Debugging, Logging, and Best Practices

Section Overview

It’s not enough to write code that works — you need to write code that can be understood, fixed, and improved over time. This section introduces the techniques and habits that help you write clean, reliable, and maintainable Python code.

By the end of this section, you will be able to:

  • Use debugging techniques to find and fix errors
  • Understand and use logging to monitor programs
  • Follow established Python coding conventions
  • Write code that others (and future you) can easily understand

Lesson 1: Debugging Basics

Syntax errors and runtime errors are part of programming. Here are some ways to track them down:

  • Add temporary print() statements to trace variable values
  • Use Python's built-in error messages and traceback info
  • Check indentation, missing colons, and wrong variable names

Example:

def divide(a, b):
    print("Dividing:", a, b)
    return a / b

print(divide(10, 0))  # Will raise ZeroDivisionError 

Lesson 2: Using assert to Catch Bugs Early

An assert is a quick check you can insert to catch logic errors during development:

def calculate_discount(price, discount):
    assert discount < 1.0, "Discount must be less than 1"
    return price * (1 - discount)

Assertions stop the program if a condition is false. They're not used in production code, but they’re helpful while building and testing.
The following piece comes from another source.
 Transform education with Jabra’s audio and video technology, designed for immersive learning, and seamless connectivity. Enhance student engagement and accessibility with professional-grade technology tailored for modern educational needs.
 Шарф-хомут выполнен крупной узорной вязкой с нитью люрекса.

Lesson 3: Introduction to Logging

Logging gives you better control and insight than print() — especially in larger applications.

import logging

logging.basicConfig(level=logging.INFO)
logging.info("Starting program")

Log levels (from lowest to highest severity):

  • DEBUG
  • INFO
  • WARNING
  • ERROR
  • CRITICAL

Example:

import logging
logging.basicConfig(level=logging.DEBUG)

def divide(x, y):
    logging.debug(f"Trying to divide {x} by {y}")
    try:
        result = x / y
    except ZeroDivisionError:
        logging.error("Cannot divide by zero")
        return None
    return result

Lesson 4: Writing Clean Code (Best Practices)
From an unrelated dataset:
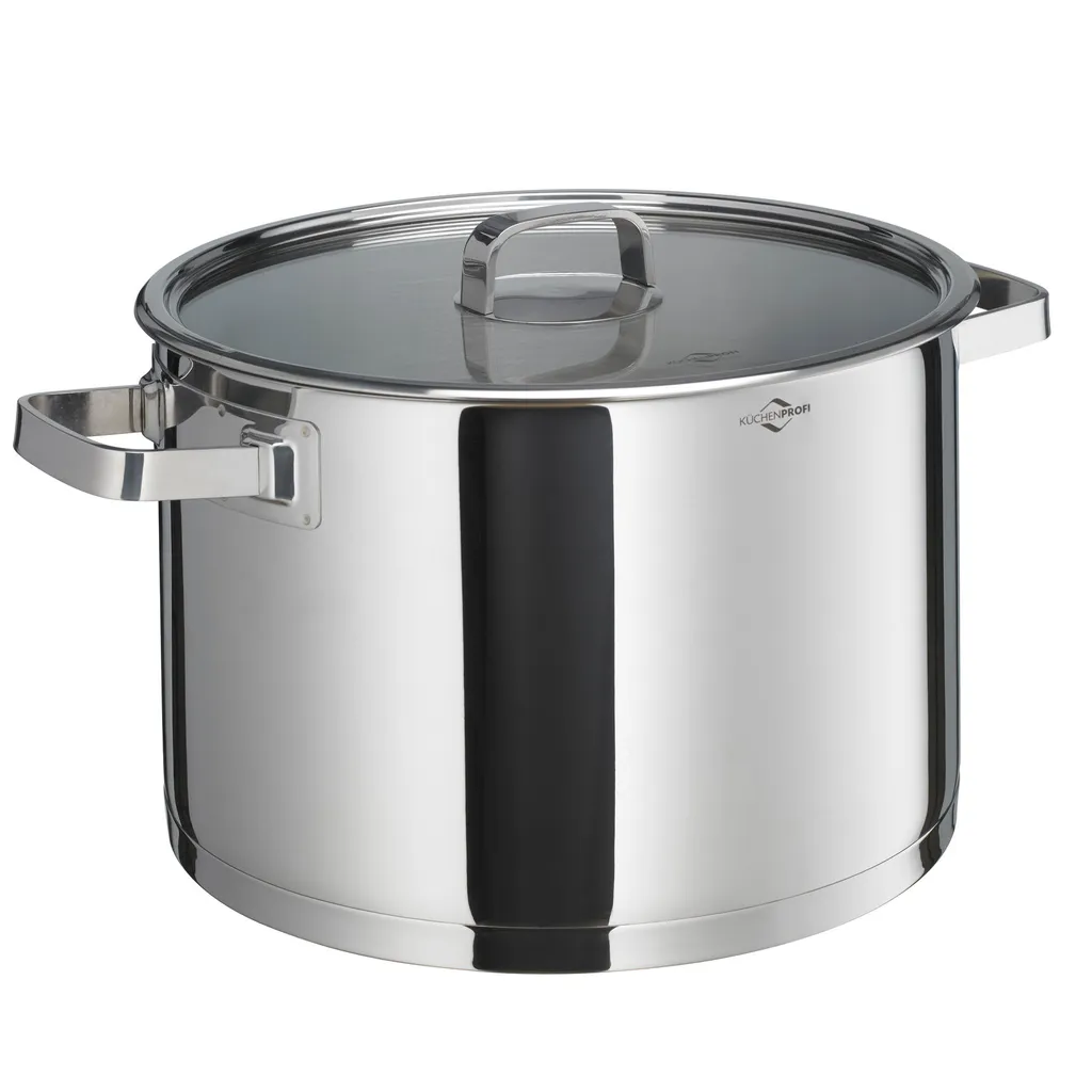 Die Lieblingssuppe auf Vorrat zu kochen ist mitdem Suppentopf von KÜCHENPROFI ein Kinderspiel.Dank des großzügigen Volumens ist der Topf auchfür die große Familie oder bei Festlichkeiten einunverzichtbarer Helfer. Durch den passendenGlasdeckel bleibt das Essen immer im Blick, diestabilen, großzügigen Griffe ermöglichen einensicheren Transport vom Herd auf den Tisch.Packungsinhalt: Suppentopf, Glasdeckel Extra starker MehrschichtbodenDeckel aus SicherheitsglasWärmeisolierende GriffeMit praktischer InnenskalaGeeignet für alle HerdartenPflegehinweise innenliegend

Follow Python’s official style guide: PEP 8

Key habits:

  • Use meaningful variable names (total_price instead of tp)
  • Keep functions short and focused
  • Use comments to explain why, not what
  • Follow consistent indentation (4 spaces per level)
  • Group related functions in modules

Bad:

def d(x, y): return x/y

Better:

def divide(x, y):
    """Returns the result of x divided by y."""
    return x / y

Lesson 5: Handling Errors Gracefully with Try/Except

Don't let a single error crash your whole program. Use try/except blocks:

try:
    age = int(input("Enter your age: "))
    print(f"In 10 years you will be {age + 10}")
except ValueError:
    print("Please enter a valid number.")

You can also use finally to run cleanup code:

try:
    f = open("file.txt")
    # work with file finally:
    f.close()

Quiz: Check Your Understanding

1. What's the difference between print() and logging?
Answer: Logging provides different levels of detail and can be turned on/off or saved to files.
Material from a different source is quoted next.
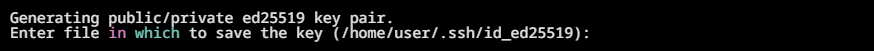 Система предлагает сохранить ключ в стандартном каталоге ~/.ssh/. Это домашняя директория текущего пользователя (например, /home/user/.ssh/id_ed25519).
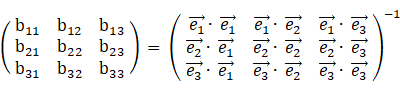 斜交直線座標系におけるヤコビ行列とは、正規直交座標系から斜交直線座標系への基底変換テンソルの表現行列のことであり、正規直交座標系から斜交直線座標系への座標変換テンソルの表現行列の逆行列です。

2. When should you use assert?
Answer: During development to catch programming errors early.

3. What does PEP 8 refer to?
Answer: The official Python style guide.

4. What log level would you use to record an unexpected error?
Answer: ERROR


Practice Exercise: Write Clean, Logged Code

Write a function safe_divide(x, y) that:

  1. Logs each attempt to divide
  2. Catches and logs division-by-zero errors
  3. Returns None if the division fails

Add an assert to check that both arguments are numbers.